Suppose we are interested in the probability that a random variable \(X\) distributed as \(\mathcal{N}(\mu, \sigma^2)\) falls between two bounds \(a\) and \(b\), \(\mathbb{P}(a < X < b)\). It is irrelevant whether the bounds are included or not since the normal distribution is continuous and \(\mathbb{P}(a < X < b) = \mathbb{P}(a \leq X \leq b)\). We have:

\[ \begin{align} \mathbb{P}(a \leq X \leq b) = \mathbb{P} \left(\frac{a - \mu}{\sigma} \leq Z \frac{b - \mu}{\sigma} \right) = \Phi \left(\frac{b - \mu}{\sigma} \right) - \Phi\left(\frac{a - \mu}{\sigma} \right). \end{align} \]

Note that when the bounds are infinite, since \(\Phi\) is a CDF:

\[ \Phi(-\infty) = 0, \quad \text{and} \ \Phi(\infty) = 1. \]

Sigma Rules

Sigma rules (also known as empirical rule) state that for any normal distribution, the probability that an observation will fall in the interval \(\mu \pm k\sigma\) for \(k = 1, 2, 3\) is \(68.27\%\), \(95.45\%\), and \(99.73\%\), respectively. More precisely:

\[ \begin{align} &\mathbb{P}(\mu - \sigma < X < \mu + \sigma) = \mathbb{P}(-1 < Z < 1) = \Phi(1) - \Phi(-1) = 0.6827 \\ &\mathbb{P}(\mu - 2\sigma < X < \mu + 2\sigma) = \mathbb{P}(-2 < Z < 2) = \Phi(2) - \Phi(-2) = 0.9545 \\ &\mathbb{P}(\mu - 3\sigma < X < \mu + 3\sigma) = \mathbb{P}(-3 < Z < 3) = \Phi(3) - \Phi(-3) = 0.9973 \\ \end{align} \]

Mean and Variance

Recall that the moment-generating function is:

\[ m_X(t) = \int_{\mathbb{R}} e^{tx} f(x) dx. \]

Then the moment-generating function for Gaussian distribution is:

\[ m_X(t) = \int_{\mathbb{R}} \exp^{tx} \frac{1}{\sqrt{2\pi} \sigma} \exp \left\{ -\frac{(x - \mu)^2}{2\sigma^2}\right\} dx. \]

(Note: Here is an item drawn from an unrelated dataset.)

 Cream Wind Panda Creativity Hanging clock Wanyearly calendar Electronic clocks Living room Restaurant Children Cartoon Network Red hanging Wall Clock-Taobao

Standarize the distribution via defining \(z = \frac{x - \mu}{\sigma}\), which implies \(x = z \sigma + \mu\). Then, using the change-of-variables:

\[ \begin{align} m_X(t) &= e^{\mu t} \int e^{z \sigma t} \frac{1}{\sqrt{2\pi}} e^{\frac{-z^2}{2}} dz \\ &= \exp \left\{ \mu t + \sigma^2 t^2 / 2 \right\}. \end{align} \]

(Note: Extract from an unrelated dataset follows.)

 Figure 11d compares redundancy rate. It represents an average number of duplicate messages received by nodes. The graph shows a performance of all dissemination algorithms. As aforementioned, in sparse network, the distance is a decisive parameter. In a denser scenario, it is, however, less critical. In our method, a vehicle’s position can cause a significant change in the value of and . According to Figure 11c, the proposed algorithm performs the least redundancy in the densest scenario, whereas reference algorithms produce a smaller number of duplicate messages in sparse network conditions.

Then the expected value of the Bernoulli distribution is:

\[ \mathbb{E}X = \left. \frac{d m_X(t)}{dt} \right|_{t = 0} = \mu. \]

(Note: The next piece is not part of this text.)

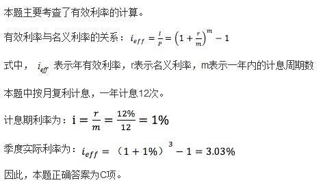 已知年利率12%,每月复利计息一次,则季实际利率为( )A. 1.003%B. 3.00%C. 3.03%D. 4.00%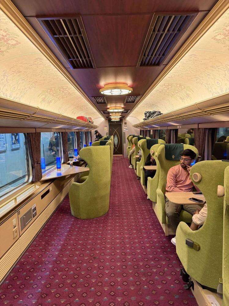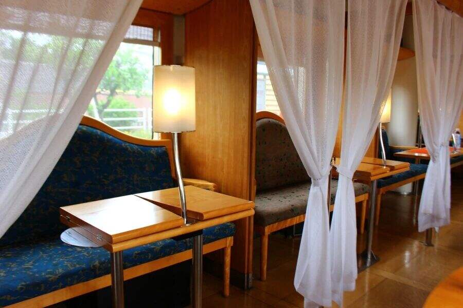 The train's interior design is inspired by a hotel lobby and cafe restaurant, offering breakfast, lunch, and sunset dinner set menus.

The variance is the central second moment:

\[ \begin{align} \mathbb{V}\text{ar}X &= \mathbb{E}X^2 - (\mathbb{E}X)^2 \\ &= \left. \frac{d^2 m_X(t)}{dt^2} \right|_{t = 0} - (\mathbb{E}X)^2 \\ &= \sigma^2. \end{align} \]

Combining Normal Random Variables

Any linear combination of independent normal variables is also normally distributed. Thus, only the mean and the variance of the variables involved in the linear combination need to be tracked. Let \(X_1, X_2, \ldots, X_n\) be independent normal random variables such that \(X_i \sim \mathcal{N}(\mu_i, \sigma^2_i)\). Then for \(a_i \in \mathbb{R}\):

\[ a_1 X_1 + a_2 X_2 + \cdots + a_n X_n = \sum^n_{i = 1} a_i X_i \sim \mathcal{N}(\mu, \sigma^2), \]

where:

\[ \begin{align} \mu &= a_1 \mu_1 + a_2 \mu_2 + \cdots + a_n \mu_n = \sum^n_{i = 1} a_i \mu_i \\ \sigma^2 &= a^2_1 \sigma^2_1 + a^2_2 \sigma^2_2 + \cdots + a^2_n \sigma^2_n = \sum^{n}_{i = 1} a^2_i \sigma^2_i. \end{align} \]